To my dismay, I am the first to arrive. It’s her dad that opens the door to me, a man with well manicured hands and a beard that’s greying near the corners of his jaw.

“Oh. You’re early.”

It sounds more like an accusation than anything. He does not smile at me. Adults don’t often smile when they speak to me, though I’m never quite sure why. Perhaps it’s because I don’t smile at them first.

I notice that he hasn’t invited me in, his large frame almost silhouetted by the light from within. I have no response to this, so remain silent.

“Dad? Is that you heading out?”

Her voice carries from upstairs and I get a glimpse of their hallway as he leans back to respond to her.

“One of your friends is at the door.”

“Let her in, then!”

He still has not stood aside. He appears to be examining my features, as though perhaps he recognises me. I am becoming uncomfortable. My hands grip the straps of my backpack for support. It is cold outside, my sweat turning to a chill sheen on my skin under my clothes. I worry he knows that there is alcohol in my bag, that he has sensed my guilt from our minor interaction.
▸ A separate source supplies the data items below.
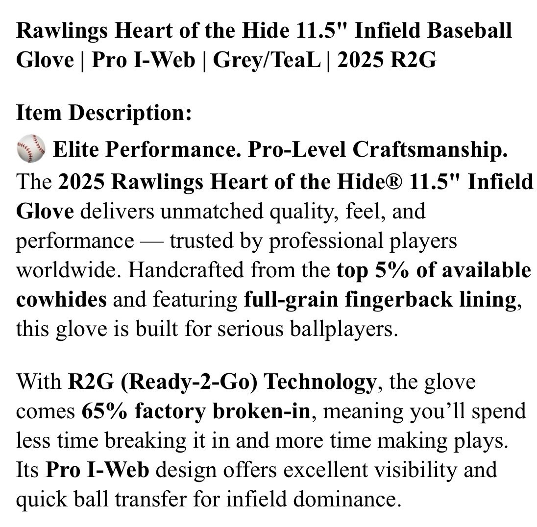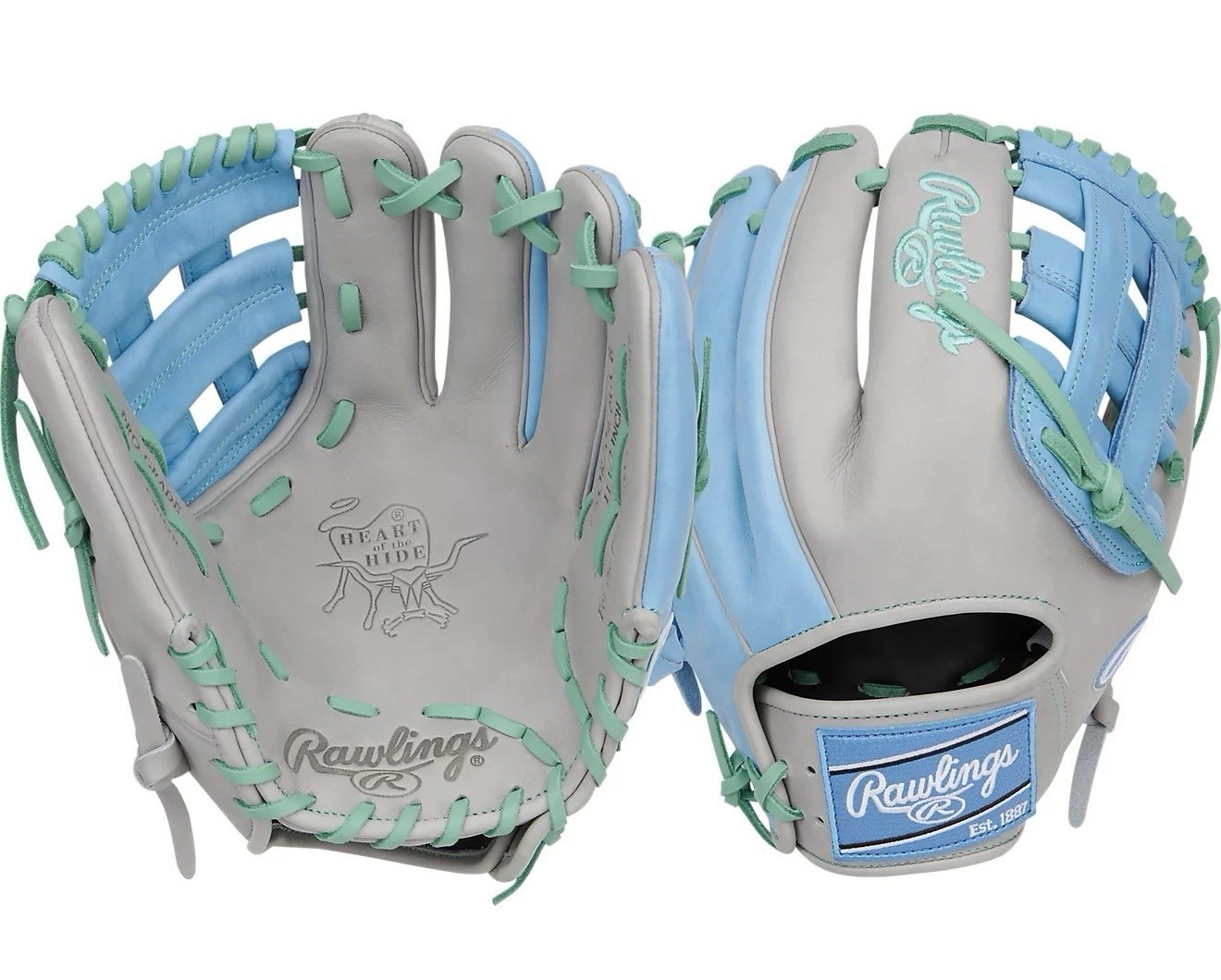 Rawlings Heart of the Hide Glove R2G ContoUR Fit 11.50" RHT Baseball Glove: PROR204-6GCB UPC # 198308015878 Official Glove of the MLB, Nolan Arenado, Bryce Harper Colors: Lt. Grey, Teal w/ Mint Green Lace Heart of the Hide Series RHT RHT: right-handed-glove: for players who throw with their right hand and catch with their left hand Listing includes Rawlings stock photos & Photos of ACTUAL item you'll receive Super FAST & FREE Shipping in USA! 100% Feedback Seller Since 2004
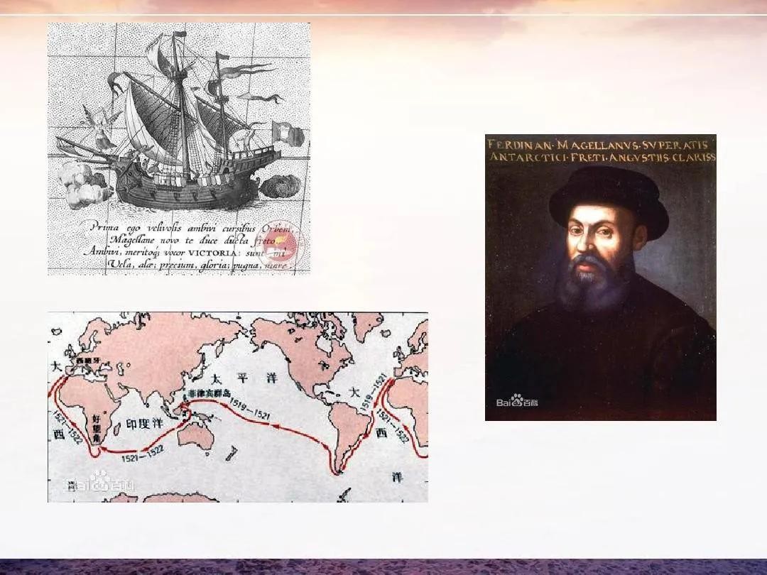 1522年9月6日,一条破烂不堪的船驶入西班牙的巴拉麦达港,从般上走出18个衣衫褴褛、面黄肌瘦的人来。这些流浪汉似的人却像凯旋的英雄,在船上鸣放礼炮。人们不约而同地聚集在码头上,对他们的奇怪举动议论纷纷。几个眼尖的人认出,这是3年前从这里出发,去进行环球探险的麦哲伦船队中的一艘船。很快,这一惊人的消息就传遍欧洲。
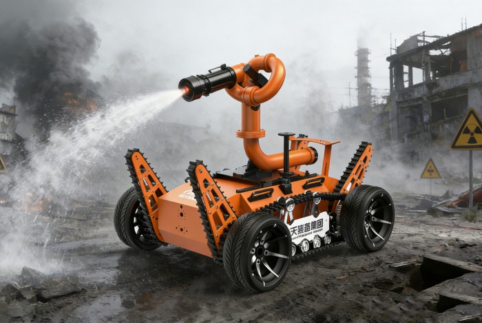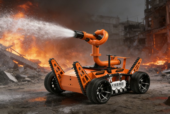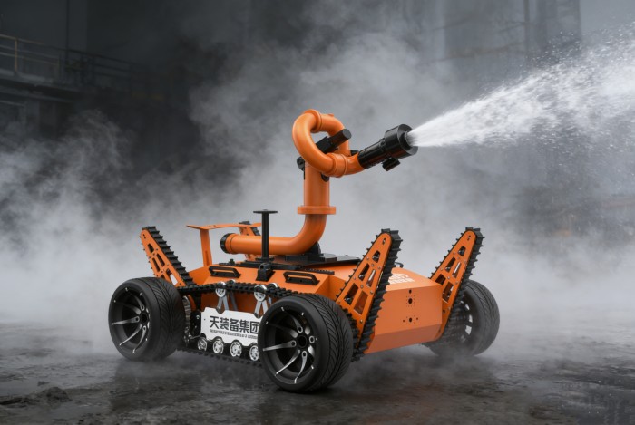 机器人采用无线遥控设计,遥控器与监视器一体/分离,可实时的显示电池、内部的各种信息,机器人状态、现场温湿度、有毒有害气体浓度报警信息等控制机器人前进、后退、转向等运动。具备远程侦察能力,机身搭建升降云台、高清摄像头、热成像摄像头、气体传感器三类环境感知设备和云台控制设备,也可联动声光报警模块提醒消防人员或群众,有效避免危险。在通过远程侦察手段有效获取现场火源信息后,机器人配备的大功率电机可以帮助消防人员将消防水袋拖拽至危险火源区域进行灭火,并能搭载各类国内、外的多种消防水泡,并能够远程控制发射水或泡沫。基于所配备的拾音模块和扬声器模块,拾取现场环境声音,即使消防官兵未靠近消防现场也能够听到搜救现场的群众呼救声,并通过扬声器模块与群众进行现场对话。
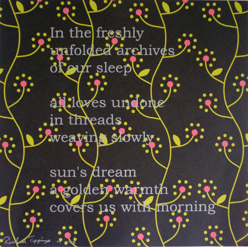 Morning is one of three lyrical spoken poems chosen for the Lovepoems folio of screenprints, made in 2007 along with four visual poems, a total of seven which are put through variations in graphic presentation.
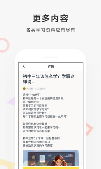 快对作业是一款致力于为中小学生提供最优质的作业解析服务的线上学习APP。快对作业拥有海量的作业资源,各学科的资源丰富多样,全方面满足学生们的使用需求。快对作业只要是要条码模式就能快速得出解析过程,还有多中搜索模式随心选择,教材和练习题库实时同步更新,帮助学生提高成绩。
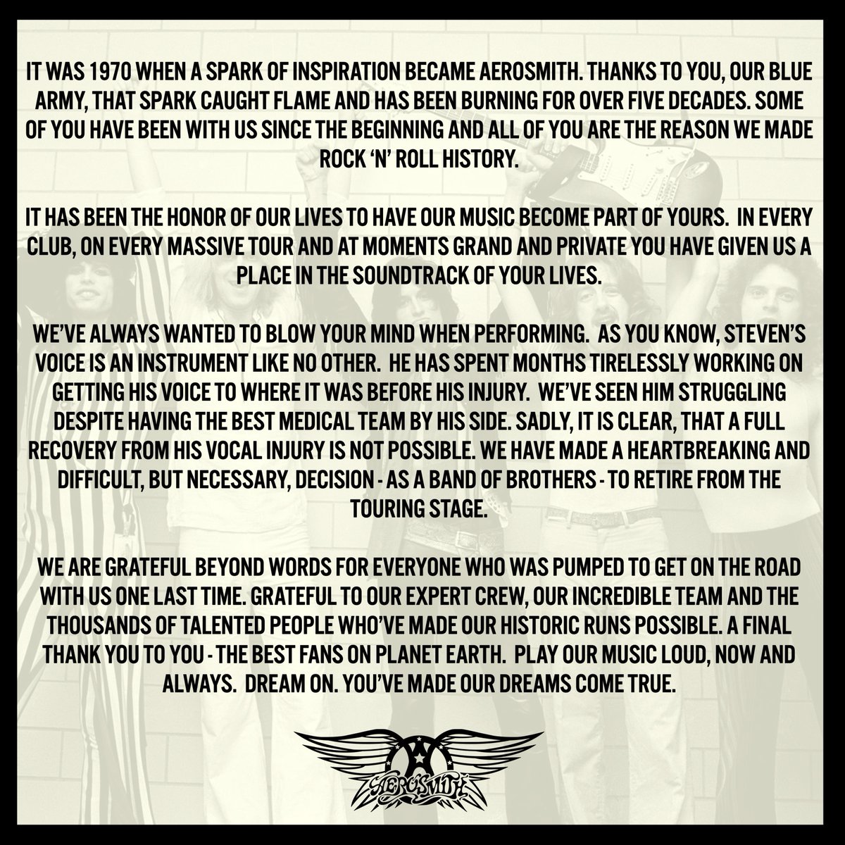 エアロスミスは、正式にツアーから引退することを金曜日にソーシャルメディア上の大規模な声明で発表した。スティーブン・タイラーが昨年負ったヴォーカルの怪我から回復するのに苦労しているため、お別れツアーとなるはずだった残りのツアーをキャンセルした。
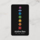 Simple design with the chakra energy points in a vertical line on the front of the card, with a colourful mandala on the back.
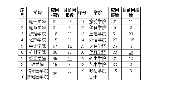 为认真做好我校第三届“互联网+”创新创业大赛组织工作,进一步引起各相关二级学院和部门的高度重视,提高我校教师和学生参加创新创业大赛的积极性和主动性,确保赛事各项工作进展顺利,并取得优异成绩。现将我校截止5月11日前各二级学院参赛报名情况统计并予以通报,详见下表。
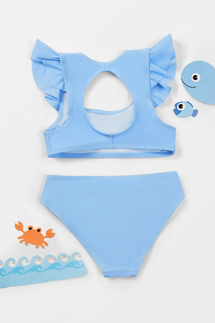 Say hello to your little girl’s new favorite swim set: Joyful Retro Ruffled Sleeve Bralette and Hipster Set. The mini ruffled sleeves and the back cutout are the highlights of the bralette bikini top. Pair with the matching mid-rise hipster bottom or her favorite style of bottoms.
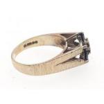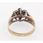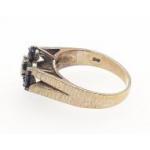 A ladies dress ring stamped 375 and set with 6 blue stones surrounding a clear stone. Size L, gross weight 2.90g approx
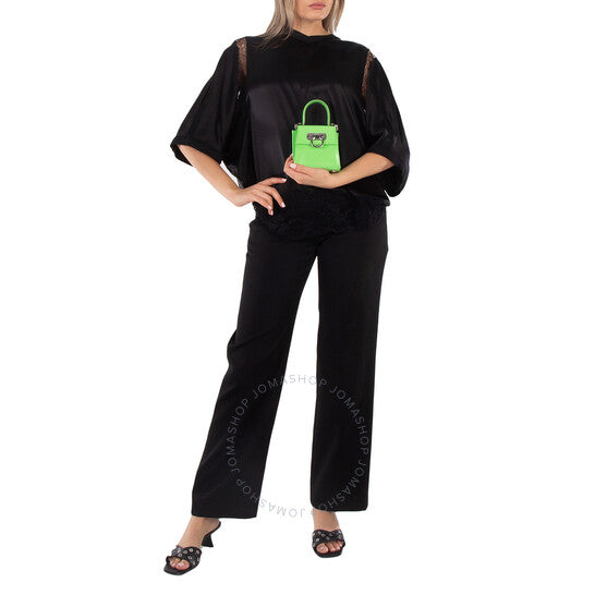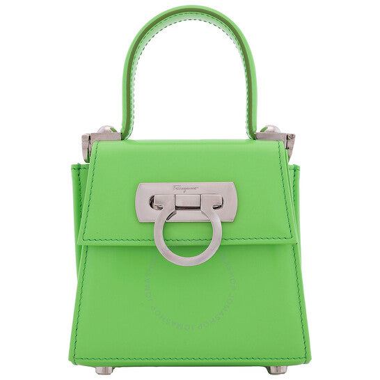 حقيبة فيراغامو النسائية الصغيرة. رمز المنتج: 213972 763067. الرمز الشريطي: 8056283175432. اللون: أخضر. المقاس: الارتفاع 12.0 سم / 4.7 بوصة × الطول 12.0 سم / 4.7 بوصة. حقيبة فيراغامو النسائية الخضراء "مايكرو أيقونيك" بمقبض علوي. مصنوعة من جلد لامع، تتميز هذه الحقيبة الصغيرة بتصميم أنيق وألواح هندسية مصقولة. يكملها قفل غانشيني ذهبي، ومقبض متين، وحزام كتف قابل للفصل. الغطاء الأمامي مُثبت بمشبك غانشيني، وتحتوي الحقيبة على جيبين رئيسيين وقواعد معدنية لمزيد من الحماية. صنع في إيطاليا.

Then the moment passes and he gestures for me to come inside. He points to the staircase at the centre of the hallway.

“Second door on your right.”

“Would you like me to take off my shoes?”

“It’s up to you.”

I wonder whether there is a correct choice. Their hallway carpet is light grey, with a deep pile. There is very little dirt on my trainers from the cycle over, so I decide to keep them on. I can tell by his frown that I have chosen incorrectly, but he says nothing.

She is standing in a doorway when I reach the top of the stairs.